The bill functions by amending the Uniform Electronic Transition Act, allowing it to apply to records and contracts stored on the blockchain. This bill, Senate Bill 300, marks an important step in governmental regulation of cryptocurrencies, as well as the Initial Coin Offerings which continue to cause problems on the international stage due to the commonality of scams within its industry.
The most important implication of this bill is likely its impact on the ownership of information. In the United States, individuals have a certain amount of personal control over information that is stored on the internet. Typically, this includes personal financial information. But the extension to blockchain technology has been difficult; it is unclear at this point how exactly public financial information stored on the blockchain applies to the existing definition of personal online data.

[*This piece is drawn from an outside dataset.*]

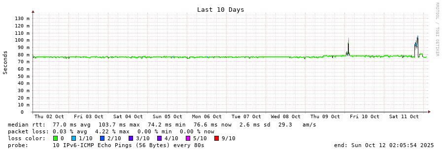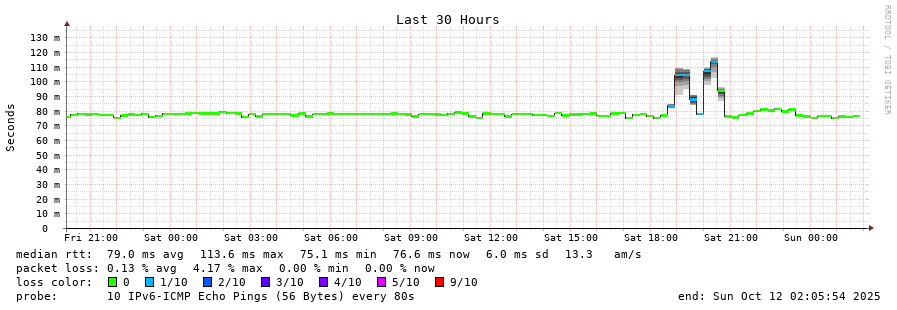traceroute to 2001:49f0:d0b0:6::2 (2001:49f0:d0b0:6::2), 30 hops max, 80 byte packets - Generated at 2025-10-12 00:15:02
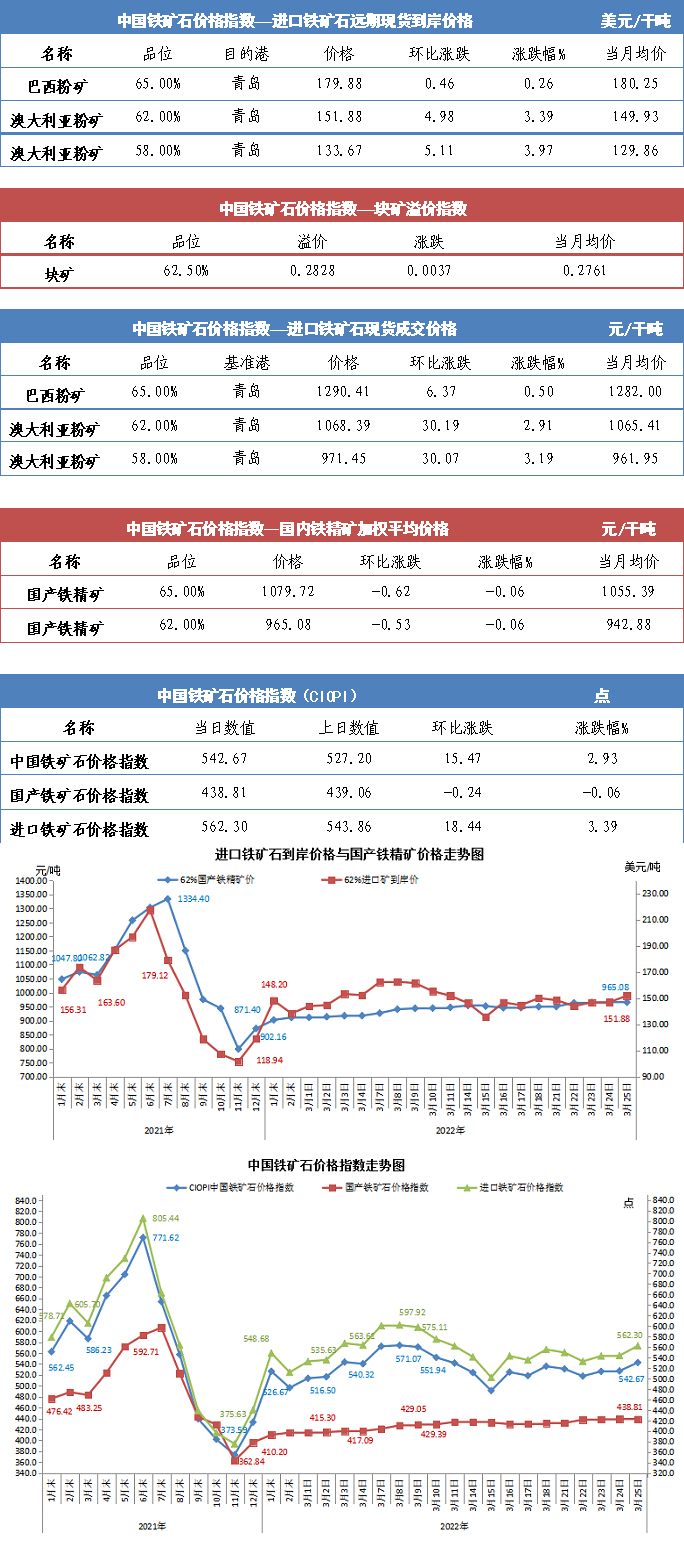 【行業指數】3月25日中國鐵礦石價格指數

This could be a good move for the state in its efforts to establish a safe-haven for blockchain technological development. Legally recognizing the company is the first step in Ohio presenting itself as a potential host for the development of future technologies on the digital public ledger, or the blockchain.
Cryptocurrency Community Opposition
To further complicate matters, the classification of personal information on the blockchain as legally-recognized personal data is a move that might cause significant problems within the cryptocurrency community. Legislation regarding digital privacy by the European Union led to the shutdown of PICOPS, an address-verification platform created by Parity Technologies.
Part of the problem arises from the inherent immutability of information on the blockchain. Consumers who want to remove their personal information from the public, decentralized ledger will generally be unable to.
Despite this, many consider legal recognition of cryptocurrencies to be a very positive step forward for the technology and the community.
Other States And Cryptocurrencies
Other U.S. states are also working to legitimize and welcome cryptocurrencies and blockchain technologies into their own economic ecosystem. Georgia, for example, has put forward a bill that would allow the digital, decentralized currencies to be used for taxes and licensing fees. This form of legitimization places the currency on recognizable terms with traditional fiat money in the state.
Arizona has also made efforts to normalize the currency, with one representative outlining that the state has the “intention to build” an institution where the cryptocurrencies are accepted and blockchain innovation is encouraged.
Though opposition may exist, it is also clear that substantive benefits may result from the legitimization of cryptocurrencies into current governmental frameworks in the United States. The efforts of some states to recognize the data present on the blockchain as legitimate has several ramifications for the interpretation and autonomy of personal information and personal data.
Only time will tell which governments succeed in their efforts, and how the evolving cryptocurrency community will respond to the integration of their independent and decentralized currency into a centralized economic and legal system.